The invitees were chosen by ballot while 4,000 Muslims who were unable to attend gathered virtually at 40 mosques and centers across the UK to watch the Jalsa. This stands testament to how Jalsa Salana is the largest annual Islamic convention in the UK, having run for over 50 years and organized every year by the Ahmadiyya Muslim Community (AMC)

 

On each day, an address was given by the global Islamic Caliph of the AMC – Hazrat Mirza Masroor Ahmad (aba), otherwise called Huzur by Ahmaddis. The Jalsa began with an inauguration, held at the Jalsa Gah – the stage and seating area where Huzur and attendees congregate. Here, Huzur affirms that while this year’s Jalsa might be small in size, it was nevertheless held to quench the spiritual thirst of the people and to allow those chosen to serve the guests of the Promised Messiah.

 

Through these addresses, Huzur commends the Jama’at’s great work – speaking of missionaries worldwide and testimonies from new believers. He speaks of the fruits of their labor, in the 211 mosques built, in the many new converts, in the numerous people reached through their publications and translations, and how connections between past and lost converts have been strengthened and rebuilt.
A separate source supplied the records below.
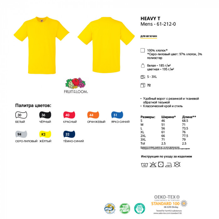 Футболка 'Heavy T' S (Fruit of the Loom)
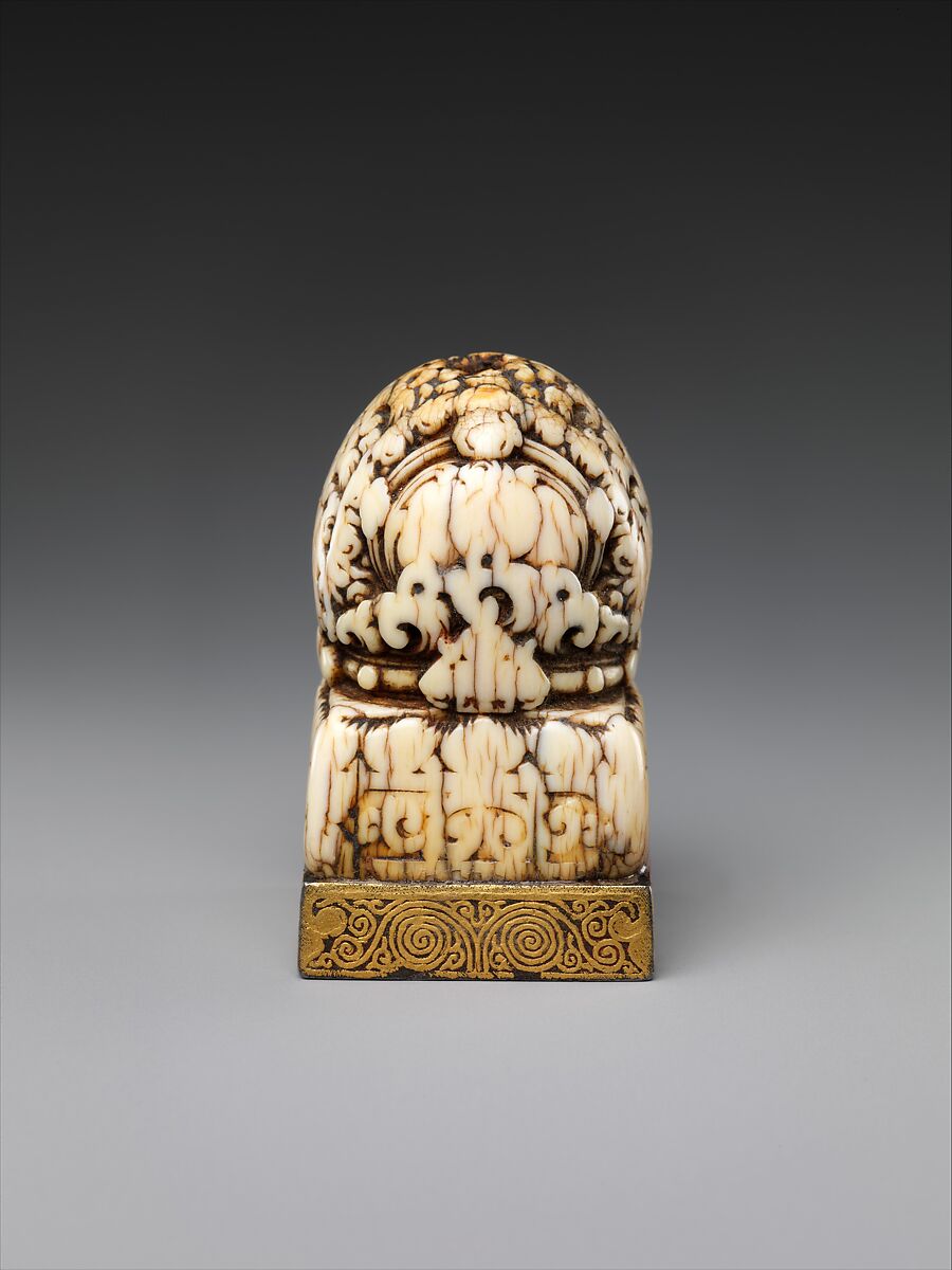 Written in Vartu script, the six characters engraved on the bottom of this seal read "aa-ra-pa-tza-na-dhi," which is a mantra of Manjusri, the bodhisattva of wisdom. First developed in India, Vartu script was adapted from cursive Sanskrit by Tibetan monks for ritual use from the eleventh century onward.
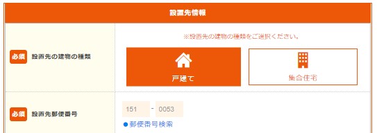 次に「設置先情報」入力欄に事務所開業予定地の情報を入力する。
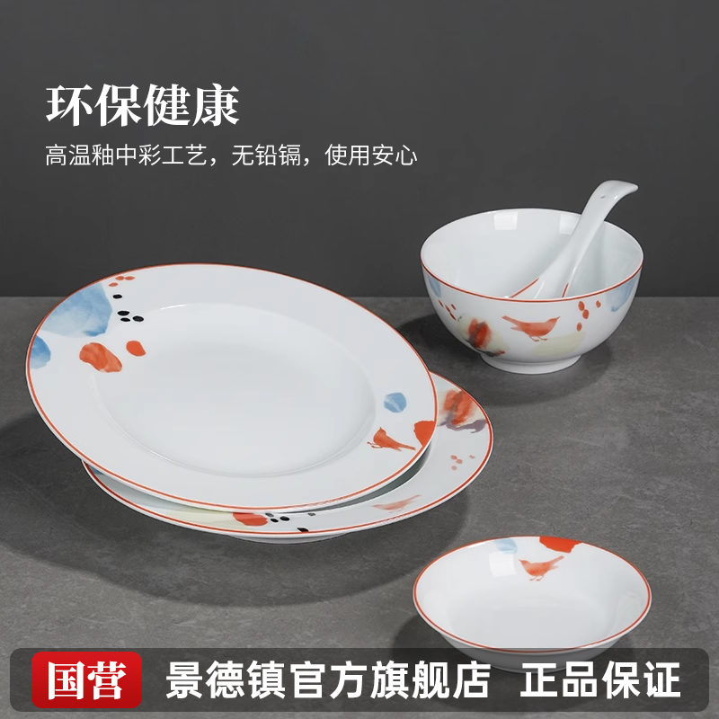 景德镇官方陶瓷无铅釉中饭碗盘汤碗家用中式高级餐具套装乔迁送礼
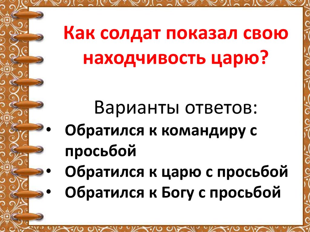 Как солдат показал своюнаходчивость царю?
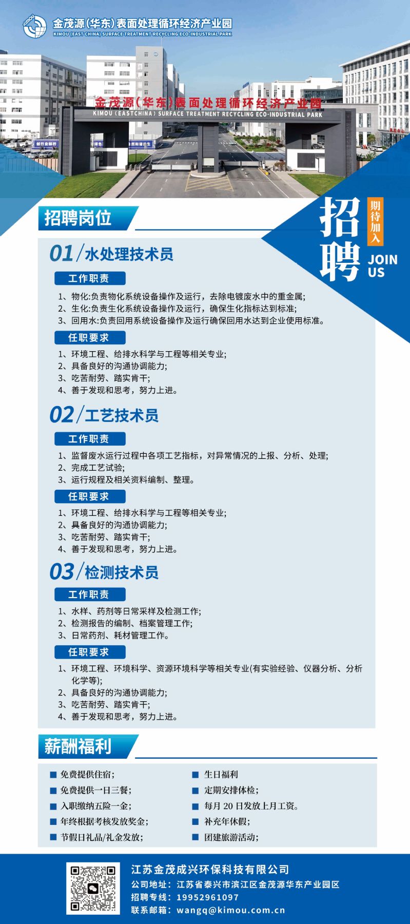 招聘[2024161]江苏金茂成兴环保科技有限公司2025届校招
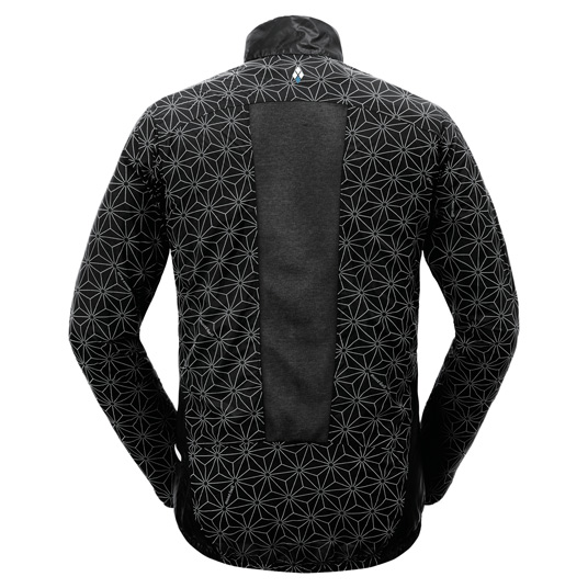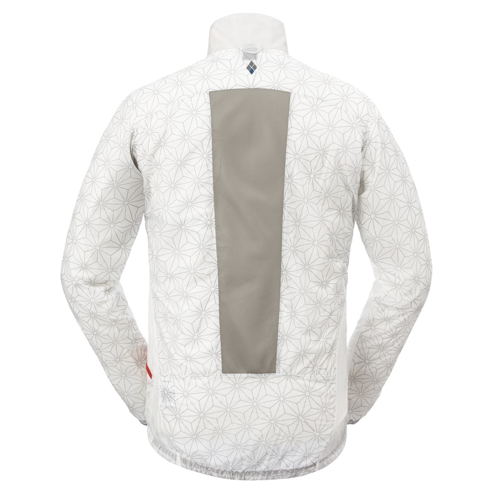 軽量な表地に、視認性に優れるリフレックプリントを施したウインドシェルです。車のライトなどが当たると反射して光り、夜間走行の安全性をサポートします。脇と背面にはメッシュ地のベンチレーターを設け、蒸れを素早く解消。右脇のポケットに収納可能なポケッタブル仕様です。
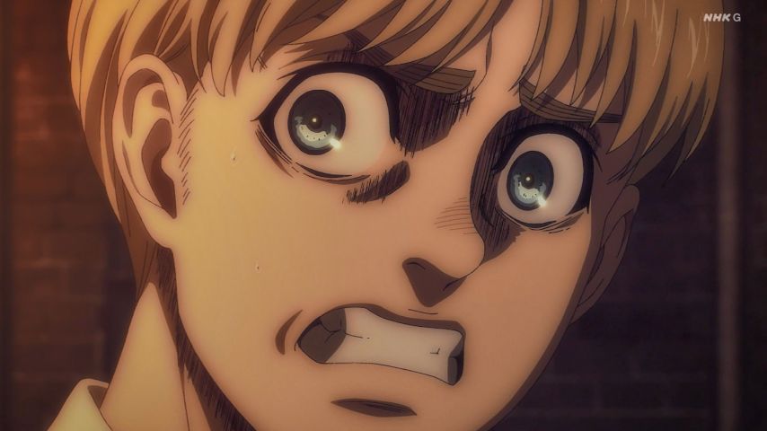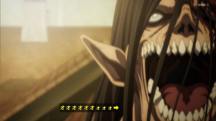 再開初回ただただ圧倒された。制作陣のエネルギーがびんびん伝わってくる。アニメってかけられた手間が如実に出てしまうものなんだなあ。醜く恐ろしい戦場の描写にbravo。このバイオレンスを地上波で放映できる自由があることに感謝。はたしてアルミンの言葉は慧眼か幻想か?
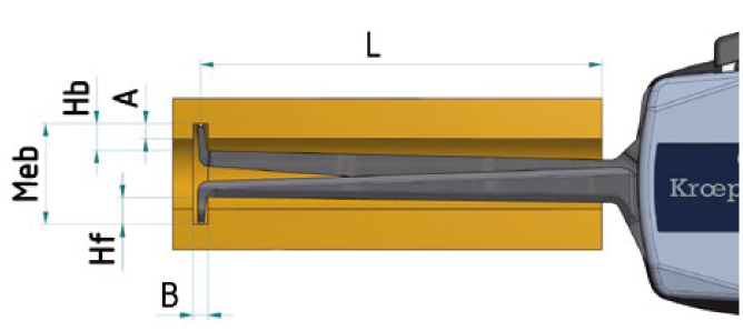 Meb Measuring range A Groove depth B Groove width Hb Measuring contact movable Hf Measuring contact fixed L Measuring depth |
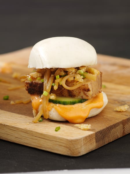 Supermör ingefärskarré i steambun med picklad rättika och kimchidressing
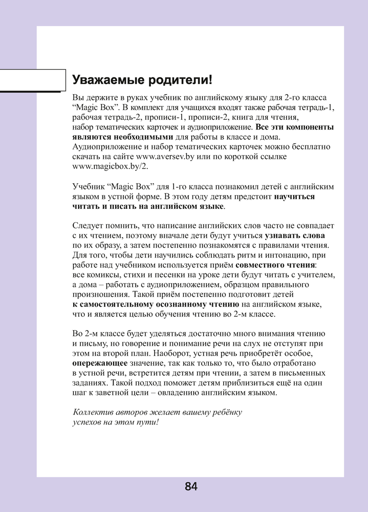 Книга для ученика является составной частью учебно-методического комплекса «Волшебная шкатулка» для 2 класса, в который также входят рабочая тетрадь-1, рабочая тетрадь-2, книга для чтения, прописи-1, прописи-2, книга для учителя, набор тематических карточек, аудиоприложение и интерактивный учебник.
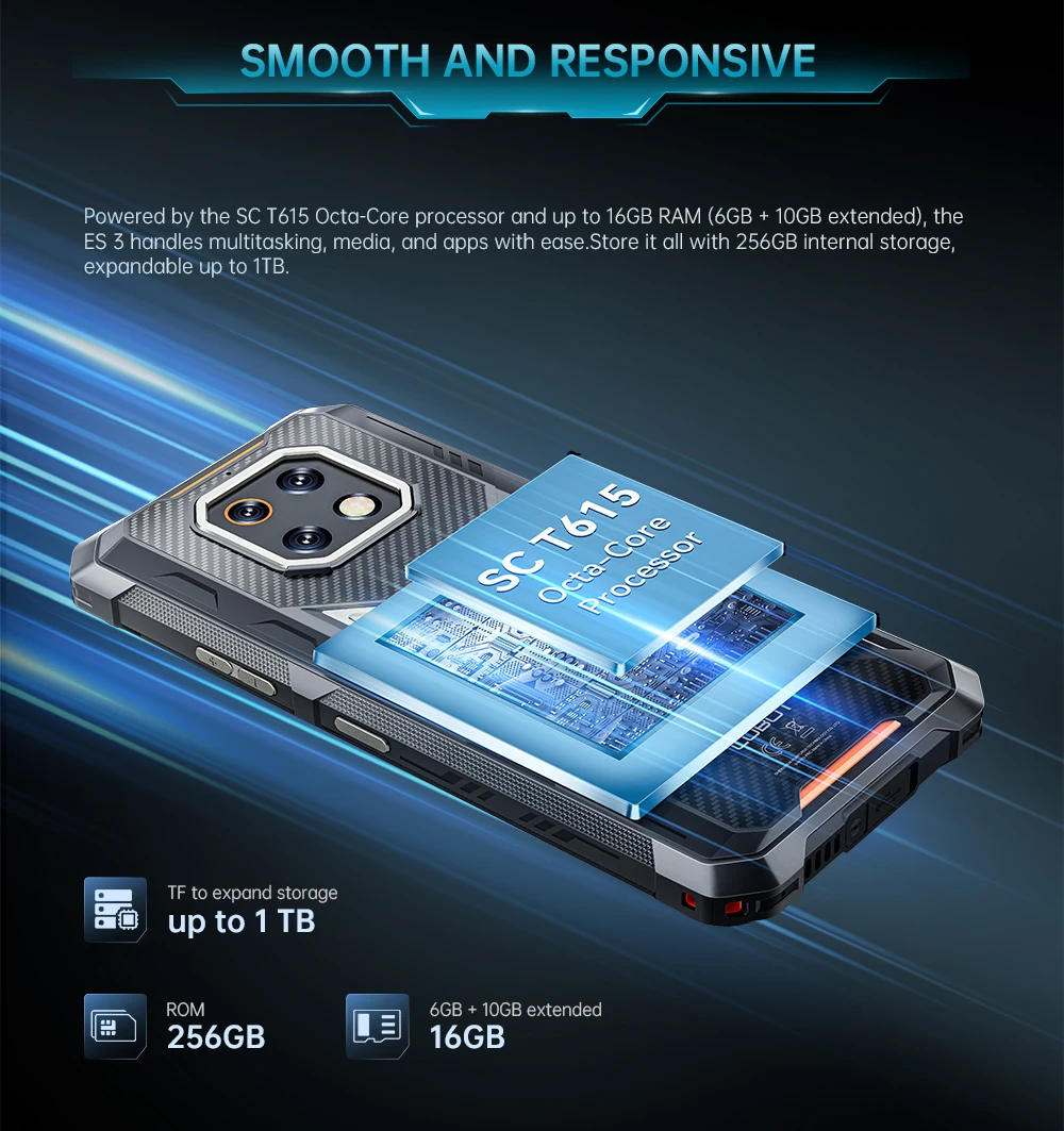 Díky osmijádrovému procesoru SC T615 a až 16 GB RAM (6 GB + 10 GB rozšiřitelná paměť) si ES 3 snadno poradí s multitaskingem, médii a aplikacemi.

He also details the good work done beyond the religious realm – speaking of their humanitarian and medical efforts in emergency situations worldwide.

 

Yet, at the core of his addresses are spiritually riveting sermons – ones that expands upon the core teachings of Islam. In his address on the last day, he builds upon sermons from prior Jalsas, speaking of the rights of others and how Ahmadis should act in propriety of them. He speaks on the rights of friends, the sick, the orphans, oaths, and others during the war – reiterating the significance of duty, righteousness, and intention. In the end, he closes the address as usual and ends the convention with a silent prayer.

 

Featured throughout the convention are interviews and testimonies by the invitees, staff, and volunteers. Here, they recount the significance of the Jalsa and the very visceral experience which accompanies it. Often, they speak of Huzur as an awe-inspiring and close figure – one they hold a deeply personal relationship with.

 

The Huzur commands a powerful presence, one which invokes in Ahmaddi Muslims a spiritual and emotional experience. Beyond the teachings and sermons the Jalsa will impart them, the Jalsa presents Ahmaddi Muslims the privilege of being in his presence and the chance to serve and hopefully meet him.

 

This year Jalsa’s stands as a feat in and of itself – a large convention held during one of the most vulnerable and dangerous periods in history. According to Huzur, the organizers had initially believed that the Jalsa would not be held due to the current Covid-19 conditions.

 

This assumption would continue to spill over to affect the preparations of the Jalsa – leading Huzur to believe that the organizers were not doing it with full conviction. Worrying that the half-hearted conditions of the organizers would affect the volunteers and workers, Huzur had expressed his concern to them – jolting them into a greater sense of urgency despite delays in preparation.

 

Huzur recognizes the workers and volunteers as the true driving force of the Jalsa. He mentioned that while many were disappointed that they were not chosen to serve, those that were chosen had fulfilled their duty to their utmost conviction and would be thoroughly rewarded by Allah. Though faced with weather setbacks such as heavy rain, the volunteers came together to dirty their hands with great spirit in order to help the many struggling cars in the muddied parking lots throughout the tiring weekend – showcasing a great display of their conviction.

 

Dialect

by meixiu

 

My extended family finally made a WhatsApp group. Although everyone speaks Cantonese, my aunts, uncles and cousins communicate primarily in English via WhatsApp. On some occasions, they use voice notes to record themselves speaking in Cantonese. Other times, they resort to typing in loosely romanized Cantonese. This is how my family navigates not knowing written Cantonese.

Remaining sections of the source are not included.